As the COVID-19 crisis continues to ravage our healthcare system, it continues its assault on our economic livelihoods as well. Widespread unemployment has affected both small communities and urban areas, while those who are considered essential risk their health by continuing to go into work.
The Bureau of Labor Statistics recently reported that unemployment jumped from 0.9% to 4.4% in March, the largest increase seen since January 1975. In that same month, the number of unemployed Americans rose to 7.1 million.
One would hope that at this time of grave uncertainty, we could turn to our elected officials for leadership and guidance. But Rep. Alexandria Ocasio-Cortez (D-NY) has demonstrated that we’d be better off seeking those assurances elsewhere. During a recent conversation with Vice’s Anand Giridharadas, she advised Americans not to return to work when we’re allowed to, exhibiting little confidence in the American people and even in her own ability to affect change as an elected official.
Missing the Mark
It’s important to note the context of Ocasio-Cortez’s comments, which were meant to address the largest issue currently plaguing average Americans. She speaks of how unfair it is to ask working Americans who make nonviable wages to return to “seventy-hour” workweeks, a valid criticism.

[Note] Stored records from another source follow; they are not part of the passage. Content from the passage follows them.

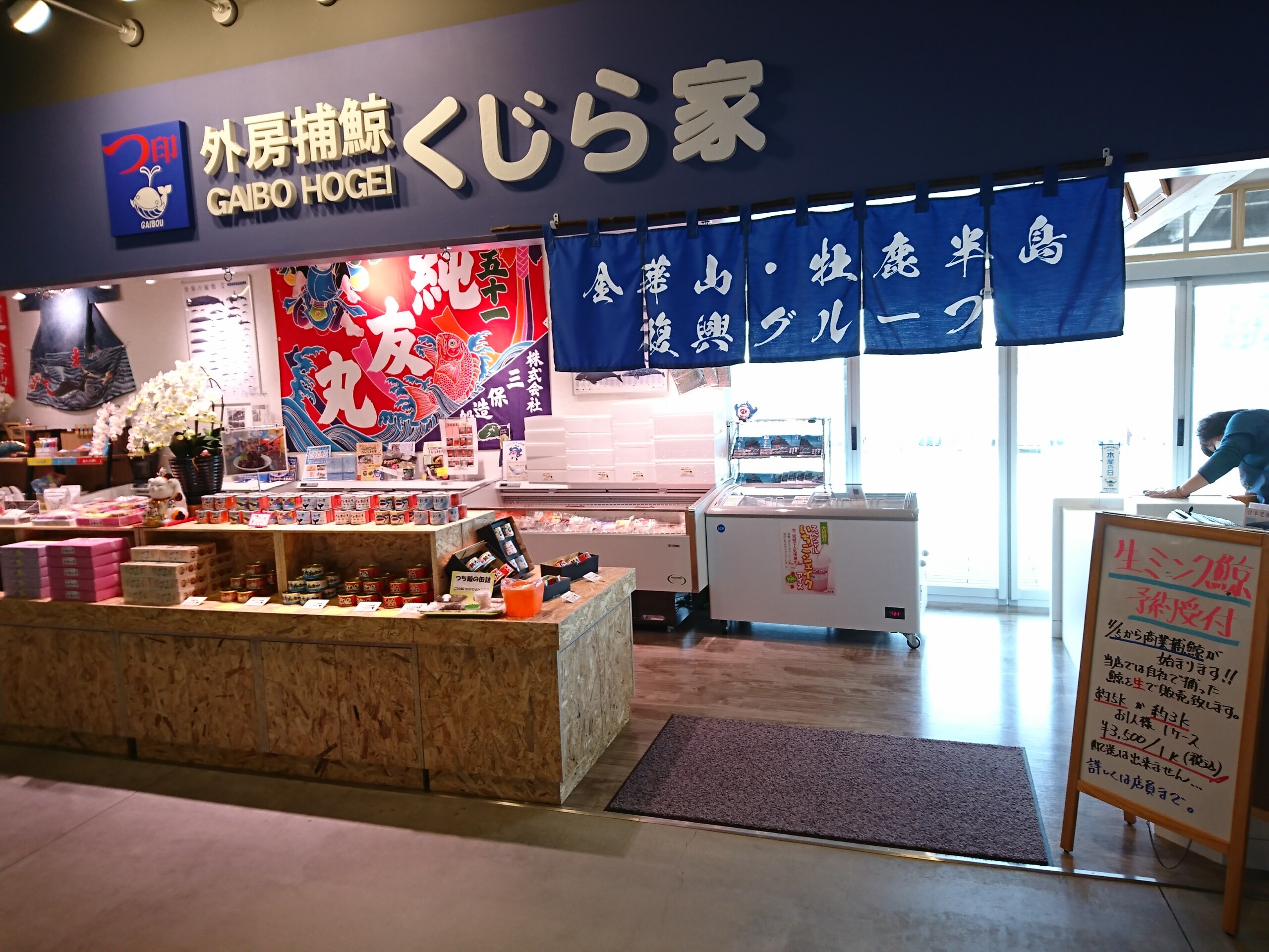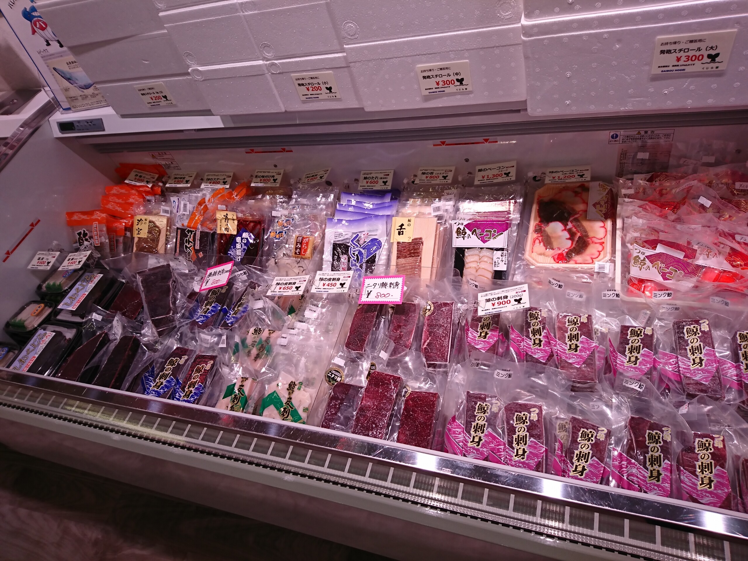 店内では鯨の缶詰や冷凍の鯨肉各種、鯨のいろんな部位が売られていました。晩酌用のアテに鯨の刺身を買いました。
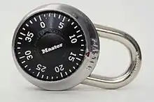 An externally-accessible dial is manipulated to release the shackle of a padlock or a lock bolt securing a door. The dial is connected to an internal mechanism, usually containing three separate wheels with notches, called gates. Each wheel must be aligned to allow a fence to drop into the gates, releasing the lever that holds the lock in place, allowing the lock to open. Generally, this is accomplished by moving the dial to three (or more) positions, usually denoted by numbers, in a specific sequence of alternating clockwise and anti-clockwise turns.[1]: 2
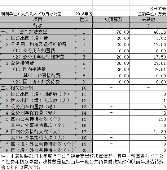 (八)“三公經費”:納入財政預決算管理的“三公”經費,是指部門用財政撥款安排的因公出國(境)費、公務用車購置及運行費和公務接待費。其中,因公出國(境)費反映單位公務出國(境)的國際旅費、國外城市間交通費、住宿費、伙食費、培訓費、公雜費等支出;公務用車購置及運行費反映單位公務用車車輛購置支出(含車輛購置稅)及租用費、燃料費、維修費、過路過橋費、保險費、安全獎勵費用等支出;公務接待費反映單位按規定開支的各類公務接待(含外賓接待)支出。
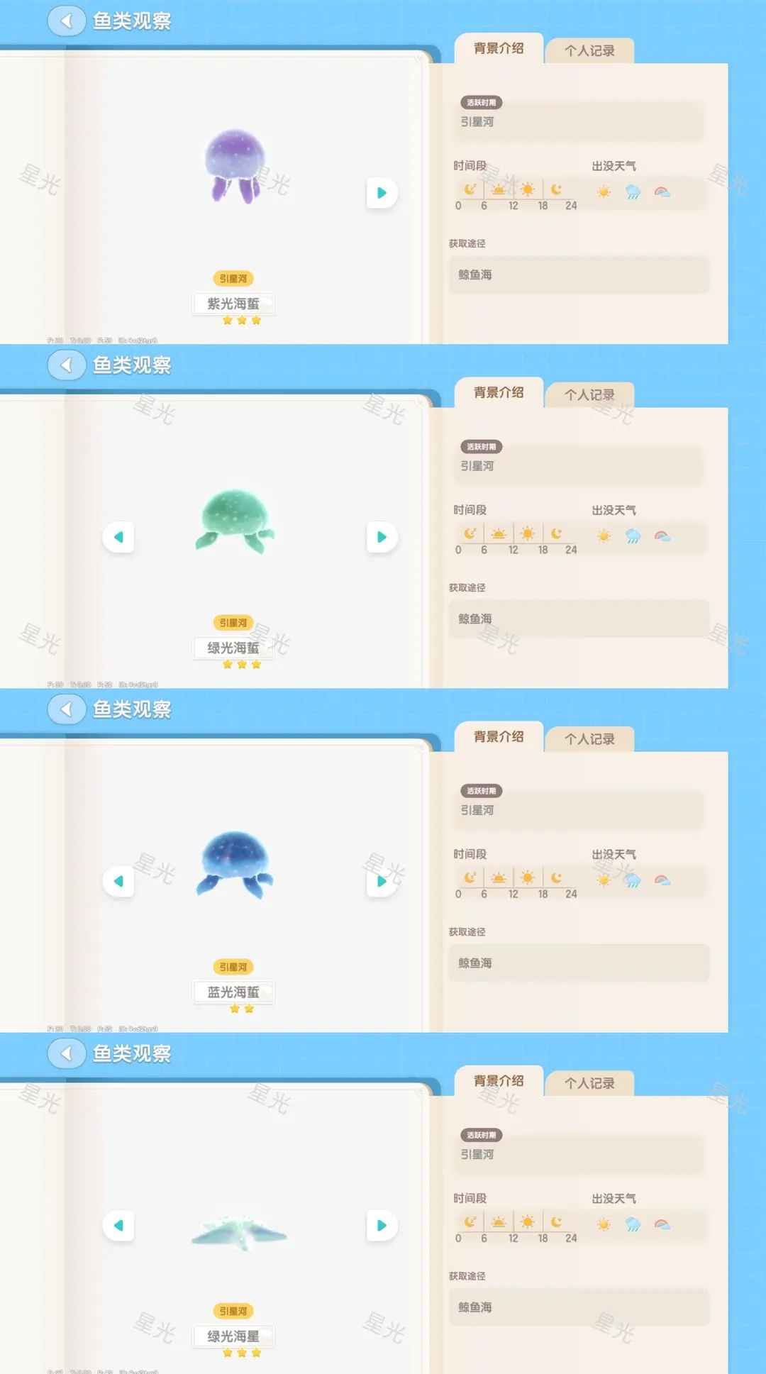 4.绿光海星-鲸鱼海-全天气-中鱼影;如图7,可以先开图鉴,第二周有鱼潮!
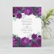 Invitación a una boda floral de color morado y verde acuarela. Ideal para cualquier tema o boda en el jardín. El código QR al revés se dirige al sitio de su boda, donde la gente puede aprender más y ver más.
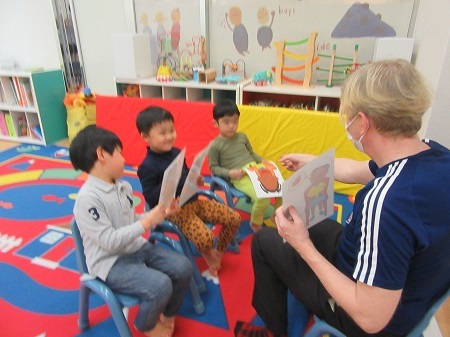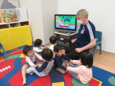 今日のレッスンはお歌に合わせて体をしっかり動かしました。"Under the Spreading Chestnut Tree"では、両手いっぱい広げて大きな木を作るマネをしました。"Row,Row,Row your boat"では、お友達と仲良く手をつないで船をこぎました!
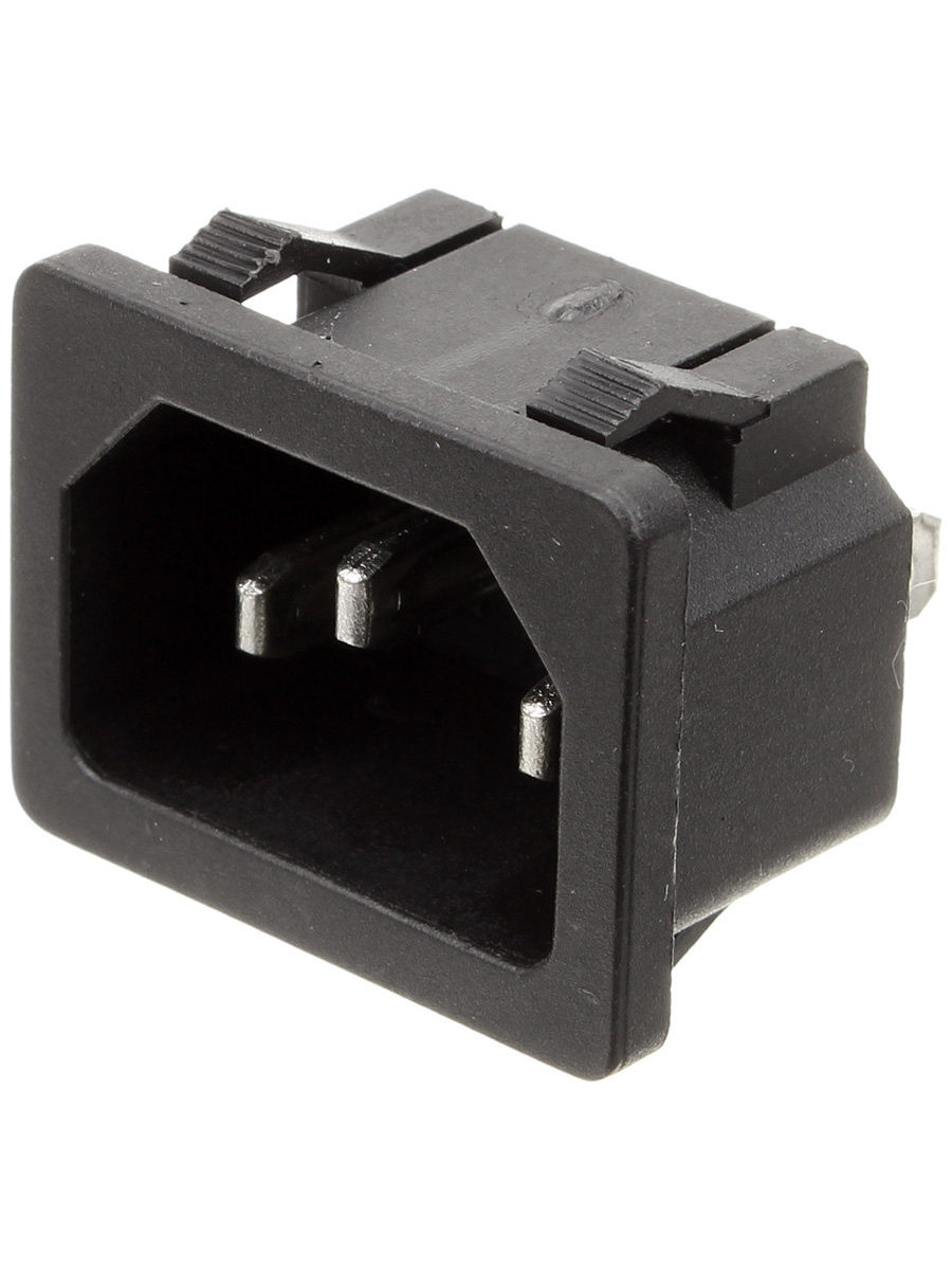 Сетевой разъем на корпус вилка тип C14, Разъем питания серии AC, вилка 3-х полюсная, крепление на защелках, 10А 250В
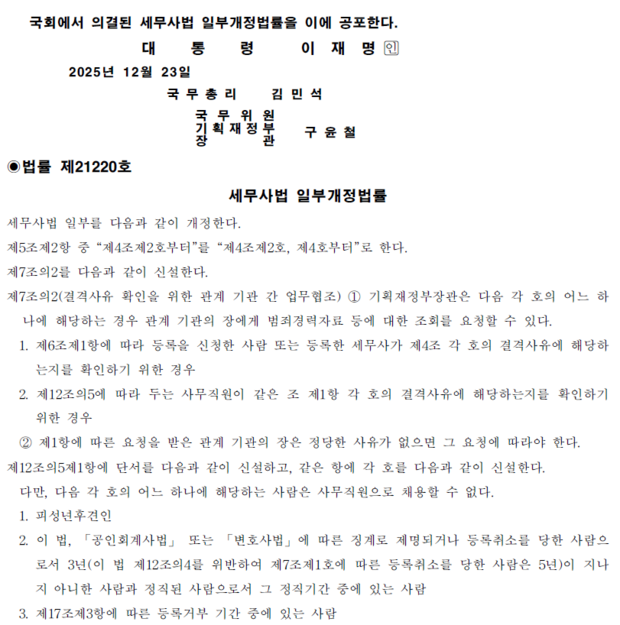 | ▲법률 제21220호 세무사법 일부개정법률(2025.12.23. 전자관보) |

I’m not a politician myself, nor do I have a degree in economics, but somehow it seems disingenuous to suggest that further unemployment is the solution to genuine economic insecurity. The comments also seem at odds with her personal convictions. As arguably the most progressive member of Congress and a Democratic-Socialist, you would think she would encourage those currently unable to work. But overall, the message feels more like a pointed jab at President Trump and his allies rather than a message of sincerity to her constituents.
Employment is the most direct way to financial (and therefore personal) freedom for Americans.
AOC also criticized President Trump’s use of the word “liberate” when discussing reopening the economy. “Only in America when the president tweets about liberation does he mean ‘go back to work’,” she says to Giridharadas, a sardonic smile on her face, failing to recognize that employment is the most direct way to financial (and therefore personal) freedom for Americans. At least someone’s smiling in this economy.
Even more puzzling is Ocasio-Cortez’s discussion of how her constituents are handling the crisis, with many of them unemployed and unsure of where their next meal is going to come from, a sentiment undoubtedly familiar to many Americans right now. It’s evident that she recognizes the severity of the crisis at hand, yet she still sticks to what feels more like a campaign ad than a heartfelt message to Americans.
Why It Matters
Rep. Ocasio-Cortez is one of a select group who is elected to serve and represent her district in perhaps the most sophisticated system of government ever seen for such a relatively young country. Yet her suggestion seems more like a write off of her own capabilities as an elected official and her colleagues’ abilities as well. Spearheading policy change, as she’s done in the past, or crossing the partisan line to partner with other officials at this time would’ve been a more genuine expression of how she’s working to solve the very problems that are affecting her constituents.
AOC and every other member of Congress will continue to receive a paycheck, even if the majority of their constituents don’t.
It’s easy for AOC to urge Americans not to go back to work. It’s easy for Speaker Pelosi to show off a fully stocked freezer of boutique ice cream while food pantries across the country become more and more strained. Neither they nor their colleagues have to work to make any change at all because they’re still getting paid, despite whatever empathy they may say they feel for those who are worse off.
AOC and every other member of Congress will continue to receive a paycheck, even if the majority of their constituents don’t. For that privileged reason alone, taking her advice, whatever it may be, should only be done with a large grain of salt.
What We Should Be Doing
Instead of listening to politicians, celebrities, or any other member of the elite for that matter, we should be looking around our own communities. If we’re in a position right now to give back, we should look for every opportunity to do so. If we need help, we should reach out and ask for it. When the time comes, whether it’s a week or a month from now, we should be ready to return to work, which is most likely our economy’s best chance of even beginning to heal from this crisis.
While we’re stuck at home on our phones and feeds, we should be using critical thinking to examine every claim targeted at us.
In addition to that, while we’re stuck at home on our phones and feeds, we should be using critical thinking to examine every claim targeted at us. Instead of internalizing messages, whoever they may be from, we should be asking ourselves where it’s really coming from and what exactly the party on the other end stands to gain from it.
A mere six months shy of our next election, it’s important to examine how our elected officials are actively working for us, or even if they’re attempting to at all.
Regardless of who we vote for, examining the advantages and privileges our elected officials have, especially when they claim to be representing average people, is crucial for working towards a more productive system. Writing off those biases only puts us deeper into more codependent relationships with them, which we should avoid.
Our elected officials work for us. As we’re bombarded with the tone-deaf messages in the media they disseminate day after day, especially in this time of crisis, it’s important we’re all reminded of that.